This mum had a temper tantrum in front of her kids. And here’s what she did to fix it

I had a total meltdown. I lost my temper entirely one day, to the point of not recognising myself. The first thing you experience after the tantrum is pure unadulterated guilt. Throughout your life, you have been told that anger is bad and needs to be suppressed. But catch you on a bad day, it gushes out like hot molten lava from a mountain saturated with emotions? Don’t your outbursts indicate that anger seems to be a natural process that needs an outlet once in a while? And wouldn’t it be a better idea to accept it, channelize it and lead it to a constructive end rather than being in denial by bottling it up?

According to Mathew McKay, a psychologist, kids learn an important lesson on seeing you lose your temper and then regain your cool. This shows kids, that it is ok to have a temper tantrum but what really matters in the end is that how you repair the damage.

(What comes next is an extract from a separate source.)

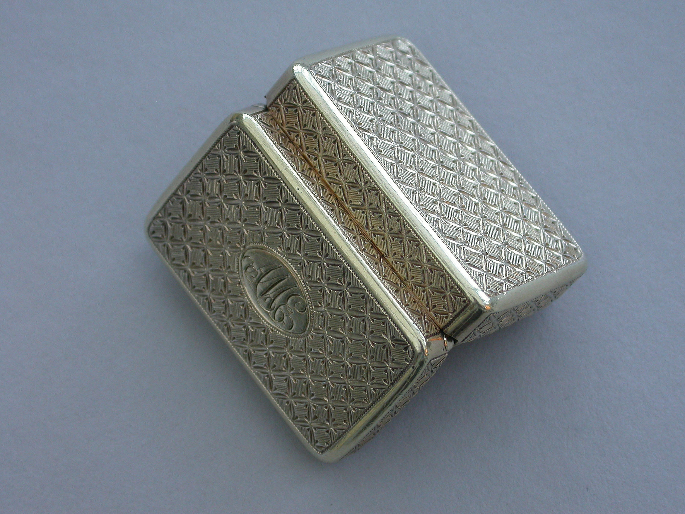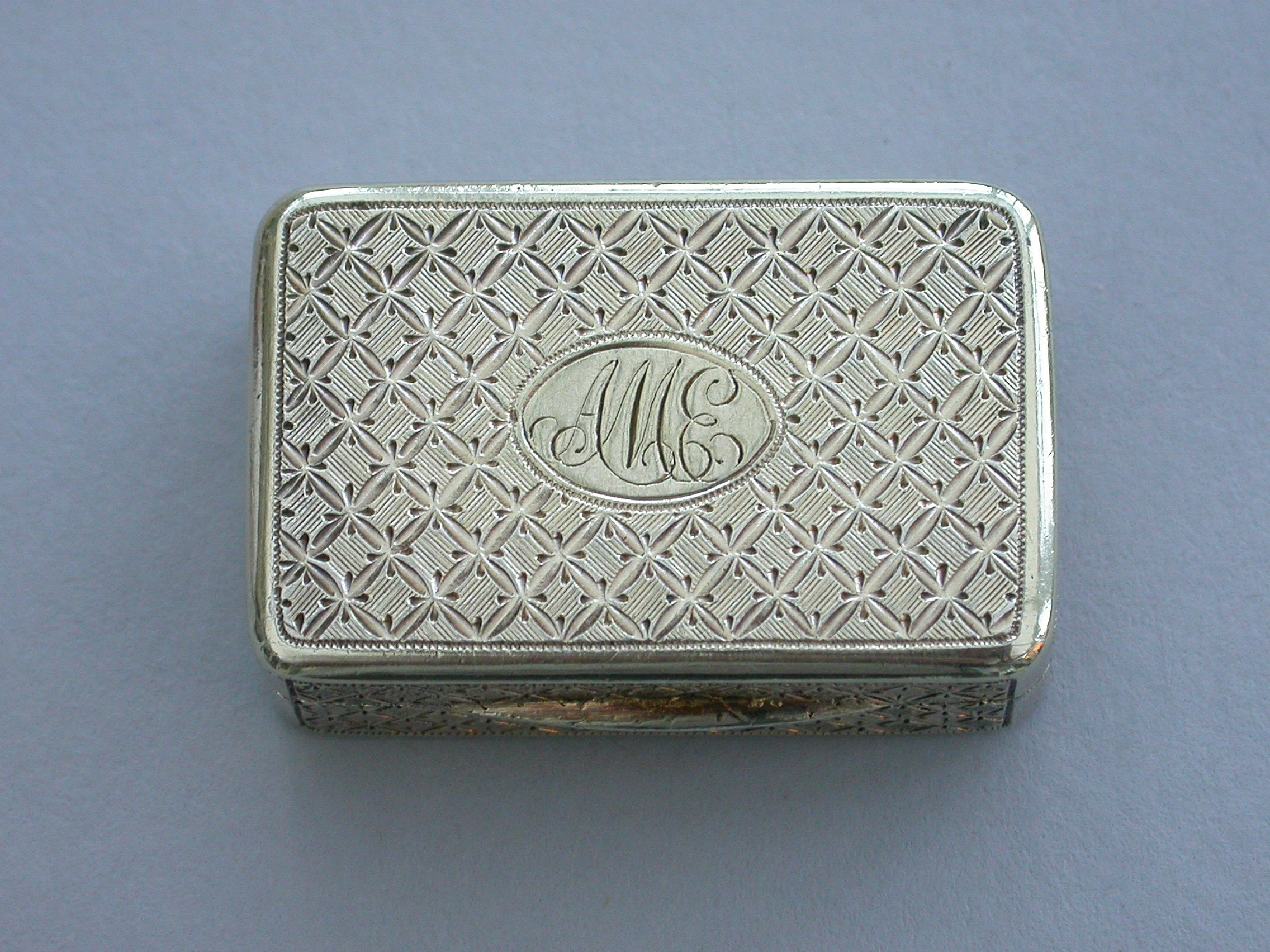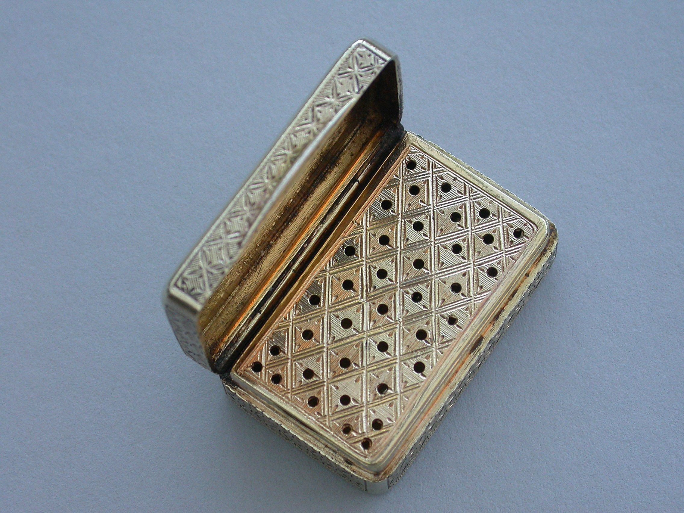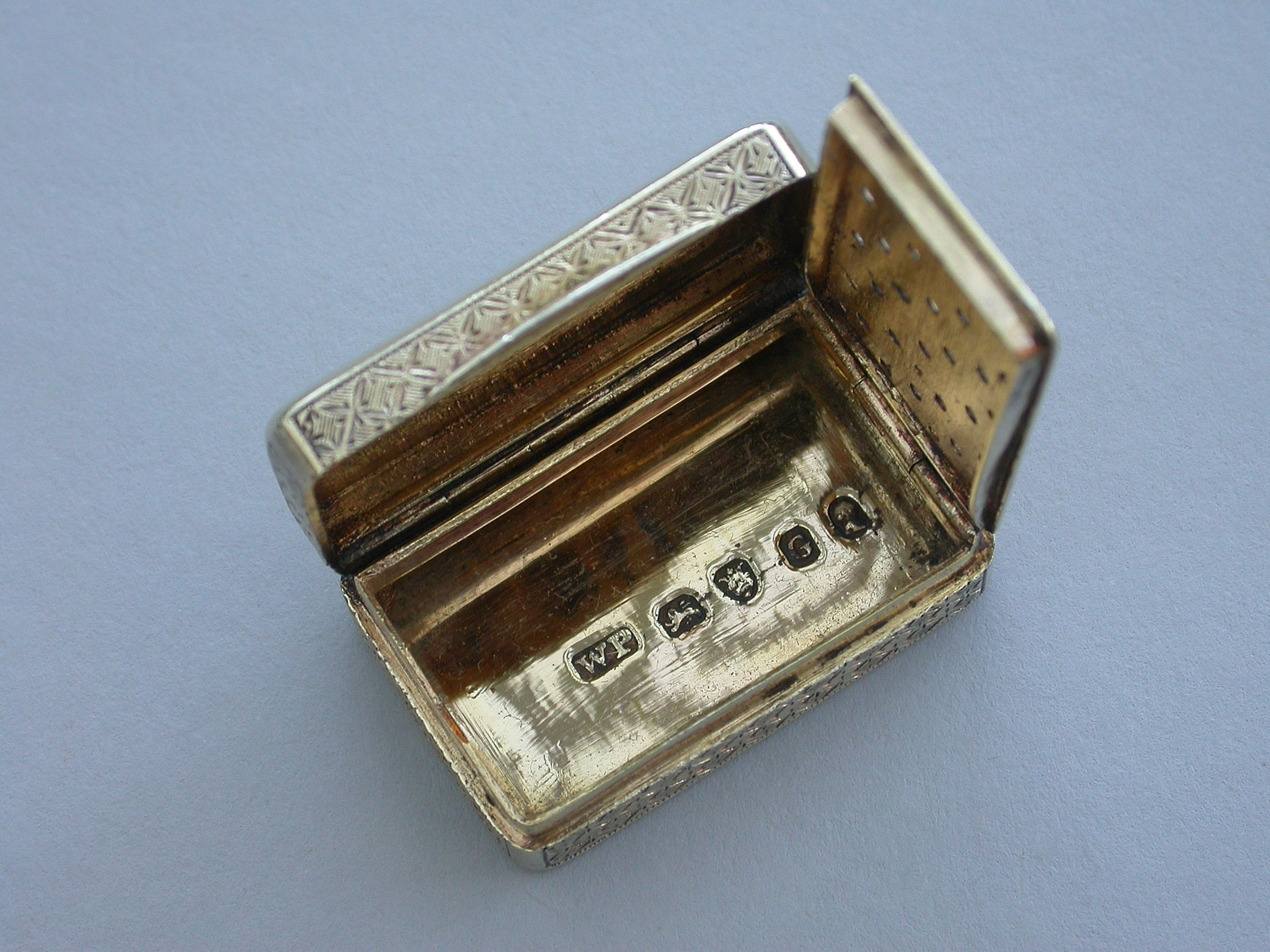 A very fine George III silver gilt Vinaigrette of rectangular form engraved all-over with quatrefoils and tear drops, the lid with oval cartouche engraved with contemporary initials 'AME'. Silver gilt interior with pierced grille with matching decoration.

  • NO BLAME GAMES: The first thing you do to catch the raging bull by its horns is to own up for your action and outburst. No matter who or what triggered it, blaming your kid for your anger is a big no.

Your kid is scared already and you need to assure him by saying something like this, “I am upset with what you have done but I shouldn’t have shouted at you like the way I did. I was wrong and I am sorry for what I did.” A small tip here is not to plead and overdo an apology. You can say what you have to without guilt and move on.

 GettyImages-91751232

  • SPARE YOUR SPOUSE: It is so tempting to list out your spouse’s faults or and make that your alibi for a clean chit for your outburst. But your kids have unfortunately not had the opportunity to do a course on parenting and they get devastated when they see their parents pitched against each other. A quick turn around by saying something like this provides your kids with the security they need. “Your dad and I were mad at each other for some reason but we have discussed things through and we are ok now. When people live together they tend to argue or fight with each other but that does not mean they don’t love one another. This happens all the time with everyone.” If you can stress and add that you will handle the situation differently next time, you will have taught your kid a lesson from this experience.

 

  • WHEN STRANGERS ACT STRANGE: This has happened to me a couple of times. While driving, an auto rickshaw driver suddenly pulls up next to my car and overtakes making my car come to sudden screeching halt. And I blow my top off. I remember the day so well when I gave one driver a nasty piece of my mind with both my boys zapped in the back seat. Throughout the way back home I wanted to say something to make them realise their mom wasn’t a monster but could not think of anything. The next time when it happened, my radar went up and apologised to for my reaction instead of condemning my outburst which was very human. I spoke about how the driver’s recklessness had made me feel so angry and I emphasised that I would deal with my temper in a more constructive way.

mom explains to her son about why she got angry

Now comes the tricky part. You have conveyed to your kids that you are going to handle your anger in a different way but how.

1. First try and find out what exactly it is that has irked you. Once you know that it becomes easier to control in since you have anticipated its coming. Knowing what time of the day you are usually angry can help you channelize your energy in a different task at that time.

2. Talking through your feelings when something or someone has angered you helps. Accepting your reaction and deciding that you are not going to let it ruin your day further will let you control your anger before it controls you.

yoga

3. Take a walk, listen to some music, paint, meditate, do yoga, do embroidery or cook but vent out that pent up energy in a positive way. I know of a friend who just scribbles in a diary when she is angry and in sometime feels calm again.

Anger is just another emotion that is a part of our system and is as natural as laughter. Turn around, face it and handle it. And let it not jeopardise your life or your relationships.